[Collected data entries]
◇ ◇ ◇ ◇ ◇ ◇ ◇
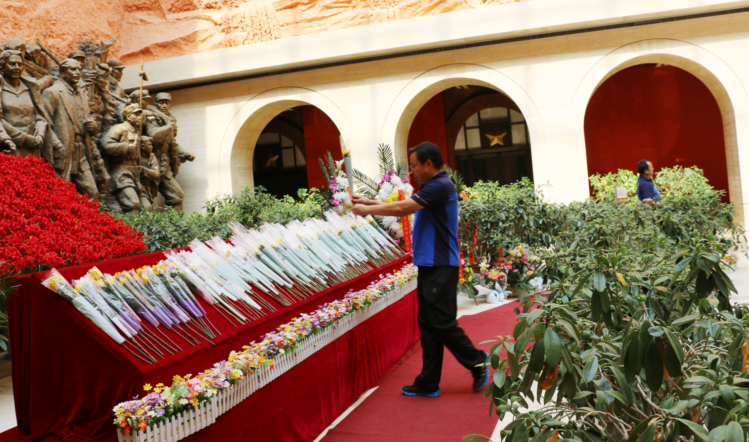 下午3点左右,全体党员怀着敬仰的心情参观了革命纪念馆,重温了中国共产党领导人民取得全国革命胜利的光辉历程。在延安革命纪念馆一楼展厅,公司党总支书记张鸽同志代表党总支向“五大领袖”和革命先烈敬献鲜花,向革命先烈鞠躬致敬。
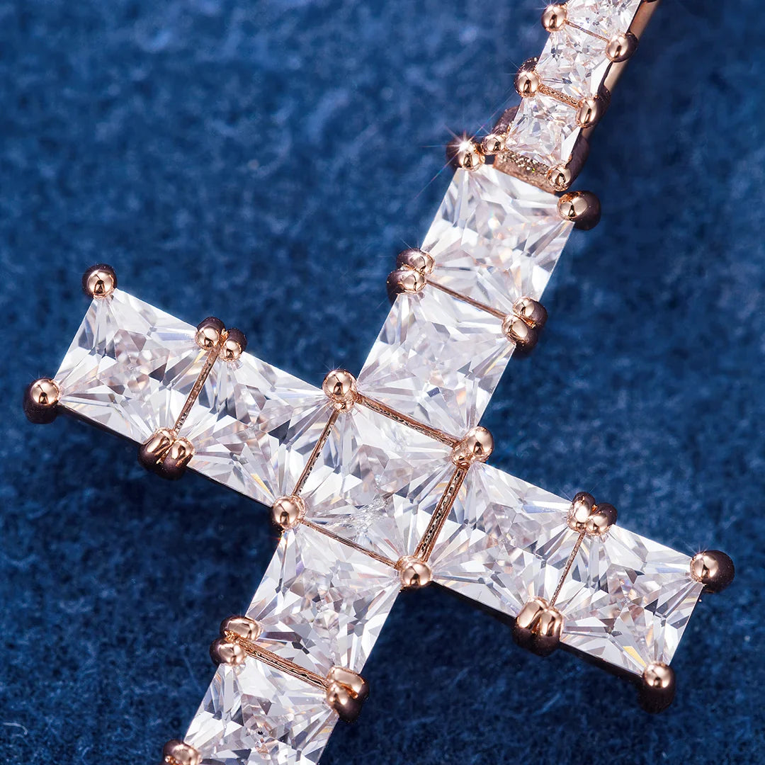 Classic cross elements with CZ Stones. Simple pendant but speaks volumes.This gorgeous cross pendant, set with flawless princess-cut CZ stones is beautifully filled with all mystery, night or day, when you walk In the crowd, can bring breathtaking surprises.
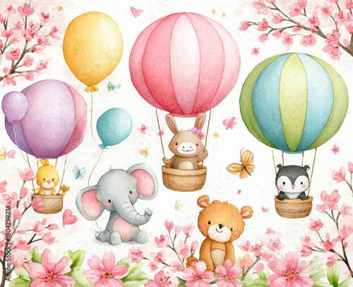 Watercolor Animals In Hot Air Balloons With Pink Flowers Illustration For Baby Shower And Nursery Decoration Projects On White
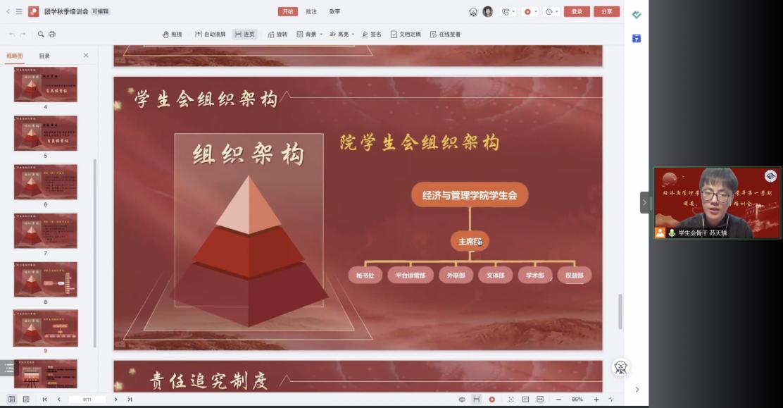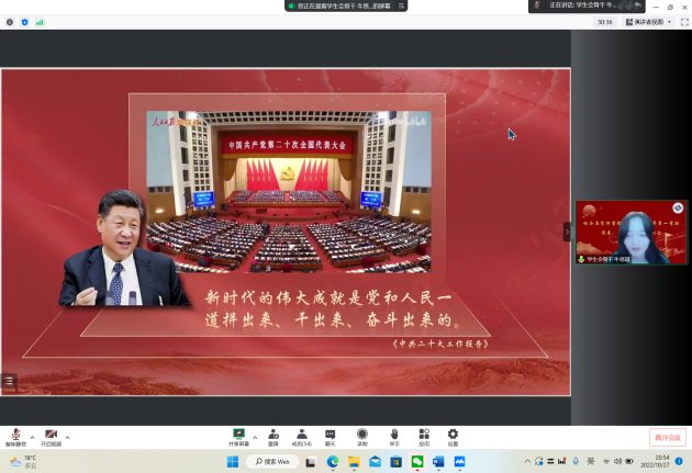 喜迎二十大,奋进新征程。为鼓励同学们以实干强国兴邦,提高思想积极性,3003新葡官方网站学生会于2022年10月27日晚召开秋季培训会。
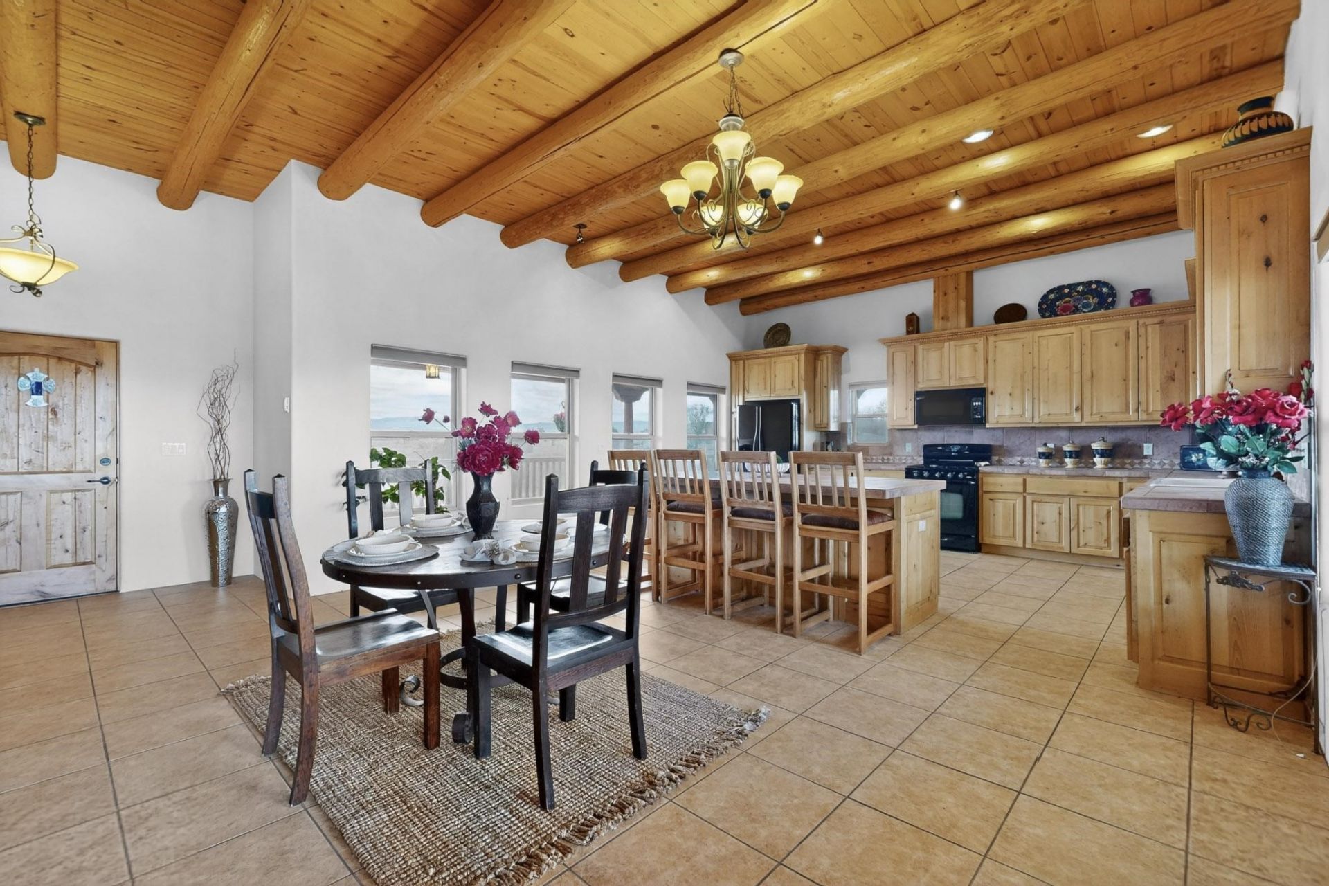 Nestled within the highly sought after gated community of Las Lagunitas with spacious lot sizes, this exceptional three bedroom two bath custom home on 1.36 acres embodies the perfect blend of refined Santa Fe comfort and elegance. Thoughtfully designed with a oversized two car garage and open concept layout, the spacious kitchen flows seamlessly into the dining and living room area and is ideal for both entertaining and everyday comfort. This single level residence features three oversized bedrooms and two bathrooms the Primary bedroom has a large jetted tub large walk in closet and a snail shower served up with instant hot water. This home features a stunning wraparound porch that captures the most picturesque elevated clear scenic views from all sides, both sunrise and sunset views are spectacular. Inside you will find a refined diamond plaster finish throughout the entire home, a water softener and large tile flooring that creates a clean and sophisticated look. The inviting living room features a charming kiva fireplace, tall ceilings and vigas that add warmth and authentic Santa Fe character to the space and has been well kept and loved by one family since being built! A large well maintained back yard with a beautifully built coyote fence made for privacy and ready for your entertainment. This home features a large crawlspace under the home that can be used for storage. Enjoy beautifully maintained common areas and landscaped grounds of Las Lagunitas, perfect for peaceful tranquil walks with your dog alongside serene ponds where fishing is also allowed offering a true connection to nature. Easy access to I-25
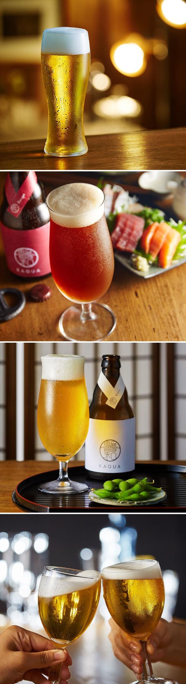 フルーティなエールタイプの香りの良さと、柚子や山椒のフレーバーが嫌みなく調和する洗練された味わい。アルコール度数はどちらのタイプも8、9度と高めに設定されていて、香りの高さと、料理の味を邪魔しないスッキリした後味を両立させている。赤ワイン、白ワインの感覚で、KAGUAを和食に合わせて選んで楽しんでいただきたい。
◇ ◇ ◇ ◇ ◇ ◇ ◇
- Exercise description
The answer must be an exact copy of the entries, with the pictures omitted.

- Answer box
 下午3点左右,全体党员怀着敬仰的心情参观了革命纪念馆,重温了中国共产党领导人民取得全国革命胜利的光辉历程。在延安革命纪念馆一楼展厅,公司党总支书记张鸽同志代表党总支向“五大领袖”和革命先烈敬献鲜花,向革命先烈鞠躬致敬。
 Classic cross elements with CZ Stones. Simple pendant but speaks volumes.This gorgeous cross pendant, set with flawless princess-cut CZ stones is beautifully filled with all mystery, night or day, when you walk In the crowd, can bring breathtaking surprises.
 Watercolor Animals In Hot Air Balloons With Pink Flowers Illustration For Baby Shower And Nursery Decoration Projects On White
 喜迎二十大,奋进新征程。为鼓励同学们以实干强国兴邦,提高思想积极性,3003新葡官方网站学生会于2022年10月27日晚召开秋季培训会。
 Nestled within the highly sought after gated community of Las Lagunitas with spacious lot sizes, this exceptional three bedroom two bath custom home on 1.36 acres embodies the perfect blend of refined Santa Fe comfort and elegance. Thoughtfully designed with a oversized two car garage and open concept layout, the spacious kitchen flows seamlessly into the dining and living room area and is ideal for both entertaining and everyday comfort. This single level residence features three oversized bedrooms and two bathrooms the Primary bedroom has a large jetted tub large walk in closet and a snail shower served up with instant hot water. This home features a stunning wraparound porch that captures the most picturesque elevated clear scenic views from all sides, both sunrise and sunset views are spectacular. Inside you will find a refined diamond plaster finish throughout the entire home, a water softener and large tile flooring that creates a clean and sophisticated look. The inviting living room features a charming kiva fireplace, tall ceilings and vigas that add warmth and authentic Santa Fe character to the space and has been well kept and loved by one family since being built! A large well maintained back yard with a beautifully built coyote fence made for privacy and ready for your entertainment. This home features a large crawlspace under the home that can be used for storage. Enjoy beautifully maintained common areas and landscaped grounds of Las Lagunitas, perfect for peaceful tranquil walks with your dog alongside serene ponds where fishing is also allowed offering a true connection to nature. Easy access to I-25
 フルーティなエールタイプの香りの良さと、柚子や山椒のフレーバーが嫌みなく調和する洗練された味わい。アルコール度数はどちらのタイプも8、9度と高めに設定されていて、香りの高さと、料理の味を邪魔しないスッキリした後味を両立させている。赤ワイン、白ワインの感覚で、KAGUAを和食に合わせて選んで楽しんでいただきたい。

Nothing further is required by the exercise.